Mar 14th, 2017: Deep Learning

Anything you can do they can do better,
They can do anything better than you.
Not you, humans. They are computers used to design things, especially 3-D printed things.



Quote:
What happens when you have Deep Learning begin to generate your designs? The commons misconception would be that a machine’s design would look ‘mechanical’ or ‘logical’. However, what we seem to be finding is that they look very organic, in fact they look organic or like an alien biology. Take a look at some of these fascinating designs.


Quote:
“This is not only an exciting development for the construction sector, but many other industries as well. In the case of this particular piece, the height is approximately half that of one designed for traditional production methods, while the direct weight reduction per node is 75%. On a construction project that means we could be looking at an overall weight reduction of the total structure of more than 40%. But the really exciting part is that this technique can potentially be applied to any industry that uses complex, high quality, metal products.”


The computer calculates the stresses, knows the material's strength and calculates what is needed.
Fine, but what is the calculation using for data? Tables somebody gave it? Are the accurate?
If you tell it to design for maximum weight savings you get a design the is just strong enough for the parameters it's given.
If you tell it to program for low cost it depends on the data for a safe design.
I can see a lot of slaves in this woodpile.

link


Beest  Tuesday Mar 14 08:46 AM

The stress optimized designs are certainly weird looking. I've not seen any in practical use, that bicycle part looks like it would be an 'interesting' test.

Of course in an engineering design required strength is calculated, then a safety factor applied, cost and weight are minimized to provide this level of strength.
Light weighting is a big deal in automotive design currently, reducing weight to help meet fuel efficiency standards.

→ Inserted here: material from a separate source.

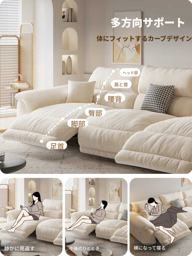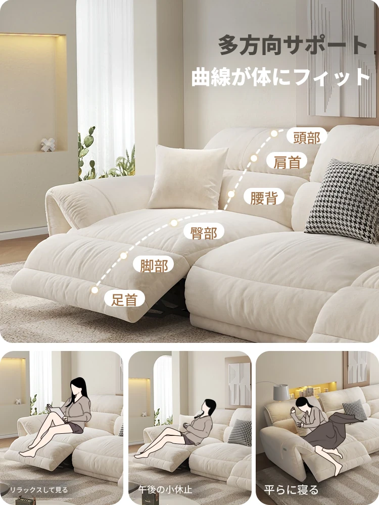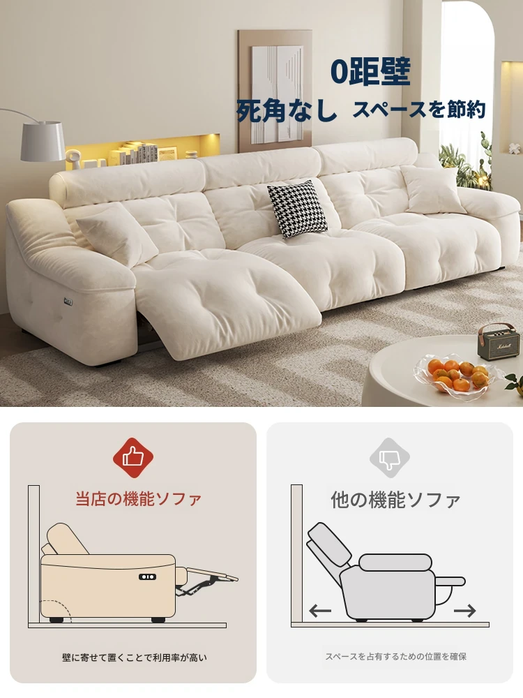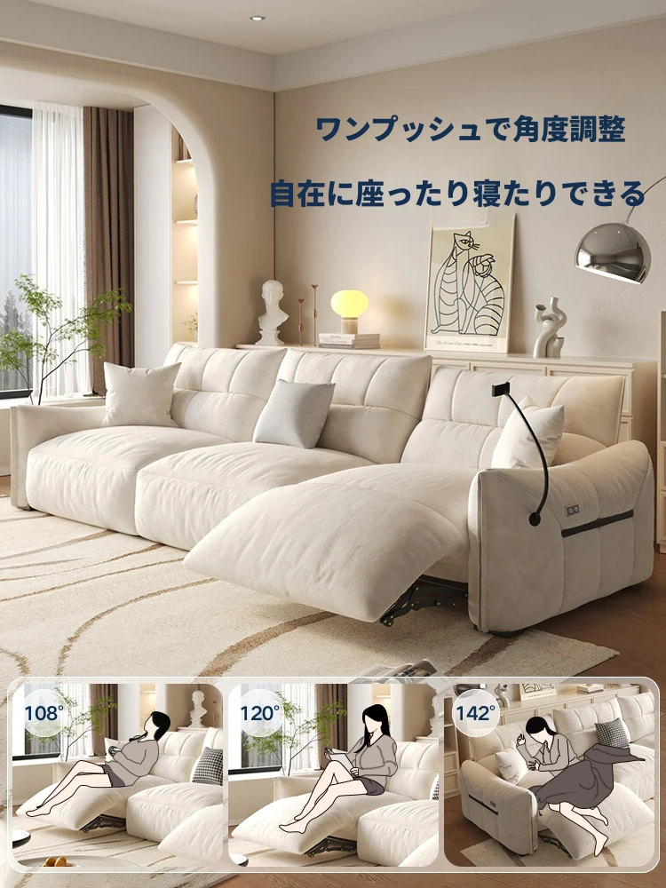 エレガントなスペース機能付き電動ソファ|現代的なミニマリズム|猫の爪にも強いフロッキー素材|小さなリビングにぴったり|クリーミーな風合いでおしゃれ空間を演出!

xoxoxoBruce  Tuesday Mar 14 08:59 AM

Quote:
Originally Posted by Beest View Post
Of course in an engineering design required strength is calculated, then a safety factor applied, cost and weight are minimized to provide this level of strength.
Yes, when engineers do it, but what happens when the design engineers are replaced with contract hungry programmers, who win or fold?
Quote:
Light weighting is a big deal in automotive design currently, reducing weight to help meet fuel efficiency standards.
When I look at that frame design the thing that comes to mind is how the fuck do you repair that?


Undertoad  Tuesday Mar 14 09:01 AM

You 3D print an exact duplicate part. Takes 5 minutes!



Snakeadelic  Tuesday Mar 14 09:03 AM

I find it intriguing how differently learning is handled by different "students". A group of scientists taught a group of captive-raised monkeys the concept of money by getting them to associate desired behavior with the reward of a small metal circle, which they could then put in a specifically designed vending machine for whatever food treat (visible through windows) they were in the mood for.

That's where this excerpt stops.